もちろん、近場同士で花火の炎を被ることになると危ないので、係の者が細心の注意を払いながら着火して回っている。
学生達に配られた手提げ花火は、ハルコンの計算通りに七色に炎の色を変え、最後にスッと音もなく消えてゆく。
参加者達は皆、魅入られたようにその炎を見つめ終えると、次々と別の花火が係の者達によって再び用意されていく。
地面に、もの凄い速さで回転しながら、炎を吹き出してゆくねずみ花火。
爆竹を鳴らす音に、皆、目を丸くする。
会場中のあちらこちらから、悲鳴とも笑いとも言えるような声が、男女問わずに広がっていく。
途中から、ミラやサリナ姉達が係の者を手伝う形で、着火の役を買って出た。
どうやら、花火に火を着けるのが楽しいから、……そんな理由でなおさら手伝ってくれるのかもしれないなぁとハルコンは思った。

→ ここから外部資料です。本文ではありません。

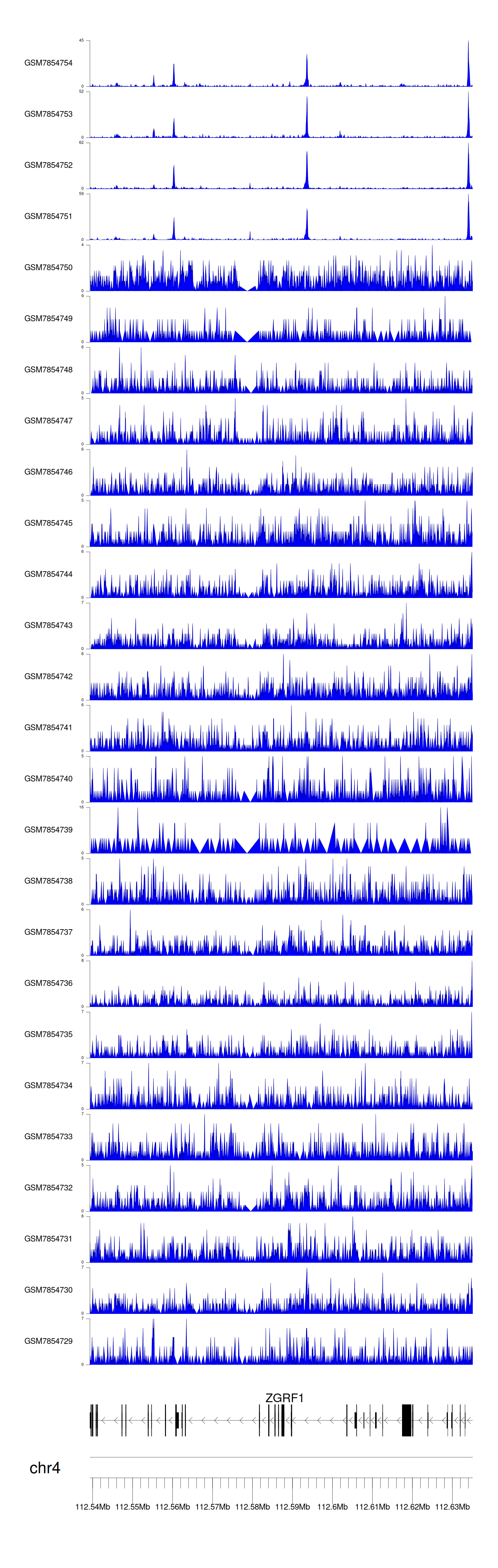 > Dataset: GSE198334 - ZGRF1 peak across samples

そろそろ会場内の参加者達は総興奮状態になっていって、更なるイベントを期待しているように見受けられた。
ハルコンはミラを見た。
すると、ミラも「うん」と言って、こくりと意志的に頷き返してくる。
それではと、……さっそくミラに手伝って貰うことにした。
会場の真ん中の空いたスペースに、2人して床設置化型の花火を等間隔に10数基並べていく。
「よしっ! 準備OKッ!!」
「こっちも、準備OKだよっ!!」
ハルコンの掛け声に、ミラもサムズアップしてニヤリと笑う。
「ならっ、頼むよミラッ!!」
「ではっ、いっくよぉ~っ!!」
そう言って、10数基の床設置型花火を繋ぐ導火線に、ミラが着火した。
その数秒後、……。
「「「「「「「「「「ワァァーーッッ!!」」」」」」」」」」
ほぼ同時に空に向けて高さ3メートル程(地球のモジュールに換算しています)の七色の炎の柱が立つと、学生達の間から更なる歓声が沸き起こった。